5. Middle East respiratory syndrome (MERS-Cov)

In late 2020, four new cases of MERS-Cov were detected in Saudi Arabia. The disease is a coronavirus, meaning it passes from animals, in this case camels, to humans. MERS-Cov can be transmitted between humans, and has severe symptoms and a high mortality rate. Over the last eight years, it’s claimed nearly 882 deaths with over 2,566 confirmed cases.

The disease is more severe for patients with diabetes, lung disease or kidney failure. 

The WHO reports that testing capacity for MERS-Cov has been affected in many Middle Eastern countries as governments struggle to stay on top of Covid-19 testing. 
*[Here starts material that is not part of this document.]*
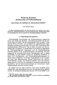 Wachstum, Kreislaufgleichgewicht und Vollbeschäftigung Zum Problem der Stabilität des „Harrod-Domar-Modells“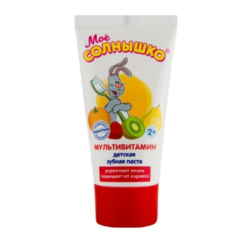 Паста зубная детская «Мильтивитамин» серии Мое солнышко подходит детям от 2-х лет. Бережное очищение молочных и постоянных зубов ребенка. Кальций и фтор способствуют укреплению зубной эмали и обеспечивают защиту от кариеса. Приятный аромат и вкус фруктов помогут ребенку сформировать привычку ежедневно чистить зубы. Без сахара. Паста безопасна для проглатывания. Без сахара. Клинически проверено и рекомендовано педиатрами.

While the disease doesn’t seem to be going anywhere for now, epidemiologists are on guard if the virus mutates to become more infectious.  

6. Nipah Virus

This virus causes painful brain-swelling, with a 45 to 75 percent mortality rate. Also originating in fruit bats, the virus is not well understood. The virus also has a long incubation period of 45 days, making it difficult to test for it before it’s been transmitted to others.

The virus can be transmitted through close contact, airborne droplets or contaminated foods but luckily doesn’t have a high rate of transmission. The WHO has flagged the virus in need of urgent research, in fear that it could mutate and become more transmissible. 

Currently, there is no cure for the disease. The last sighting of the virus was of an isolated-case 2019 in India. The world has seen major outbreaks of the virus in 1999 in Malaysia, and 2001 in Bangladesh and India.